Except that many people in this region, and around the nation, seem subdued and uncertain about their own financial health. Germany’s good fortune, however conspicuous to other Europeans, is widely viewed here as having come at the expense of its workers, who for the past decade have sacrificed wages and benefits to make their employers more competitive. “I don’t believe that the economic situation really improved,” said Karl-Hans Diem, a 60-year-old metal worker.

This disconnect — bullish economic indicators combined with simmering discontent even among the employed — is at the core of the conflict between Germany and some of its euro zone allies over how to handle the continuing European financial crisis. German leaders have been confronted with the opposing forces of a strong economy and a work force that has seen its real wages, adjusted for inflation, decline over the past decade.

When Greece was in crisis, Chancellor Angela Merkel was criticized from abroad for moving too slowly to help reassure markets that it stood behind the euro, and at home for agreeing to dole out too much aid. With the more recent Irish crisis, she came under attack around Europe for demanding that private investors share the burden of future bailouts, while at home for not insisting on that kind of accountability sooner.

“They should better spend the money here; we have problems of our own,” said Sabine Striegel, 45, who is living with her parents in nearby Baiersdorf, having recently lost a temporary job with Siemens.

Anti-euro sentiments have run so hot that the finance minister, Wolfgang Schäuble, told the daily newspaper Bild this month the “danger of an anti-euro party needs to be taken seriously.”

Germany’s political leaders and business executives argue that the economy has benefited from the common currency. For a nation that derives nearly half of its gross domestic product from exports, a stable currency has greatly eased crossborder commerce in the unified euro zone.

And yet there is broad sentiment across Germany that the euro has not been good for individuals. A recent survey by one of Germany’s premier research companies, Infratest dimap, of 1,004 people found this month that 57 percent feel Germany should have kept the mark, while 60 percent said the euro was a disadvantage to them personally.

“I do think that a lot became more expensive” with the euro, said Jonas Molzberger, 21, an apprentice at the hotel Grauer Wolf on the main street of Erlangen. “We feel that too in the hotel industry, especially in the restaurant. There are less people, less is being ordered.”

Low salaries — and higher prices — are a core complaint of German workers who are increasingly demanding wage increases after a decade in which their real earnings dropped by 4.5 percent when adjusted for inflation, according to a recent report by the International Labor Organization. Exports have grown robustly in part because workers agreed years ago to reduced wages and reduced hours to make Germany more competitive.

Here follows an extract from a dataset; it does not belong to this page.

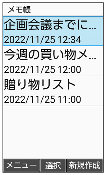 メモ帳一覧画面でメモを選択/メモ帳表示画面を表示メモを選択して送信する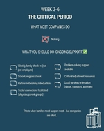 ✓ Week 3-6: The critical period (weekly check-ins, social connections)

Like workers in other industrialized nations, including the United States, Germans also have had to accept that the jobs available are not as secure as they once were. The number of people in nonstandard or atypical employment in Germany increased to 7.72 million in 2008 from 5.29 million in 1998, according to the Federal Statistical Office.

“I see how families are struggling,” said Eberhard Irlinger, administrator for Erlangen-Höchstadt, a district of about 130,000 people around the city of Erlangen. “In fact, part of the economic prosperity comes from people not getting the social security they should have. Germans are very reluctant to help other people when they have had to step back from their own demands.”

Yet these feelings of insecurity do not fit neatly into the picture of a nation that has strikingly outperformed its neighbors. In fact, many Bavarian businesses say their biggest problem these days is a shortage of skilled workers to fill positions that would help meet a growing demand for German quality goods.

Across the nation, Germany has experienced a severe shortage of skilled workers, in part because of its low unemployment rate, but also because of a low birth rate and a relatively unwelcoming environment for immigrants, said officials, business leaders and experts.

“We have lost contracts because we just don’t have the people,” said Karl-Heinz John, chief executive officer of the small software developer called Infoteam in the nearby village of Bubenreuth. “I know that all my industry partners are having trouble finding adequately educated people.”

Mr. John said he had to walk away from $1 million in contracts last year. But Infoteam still grew.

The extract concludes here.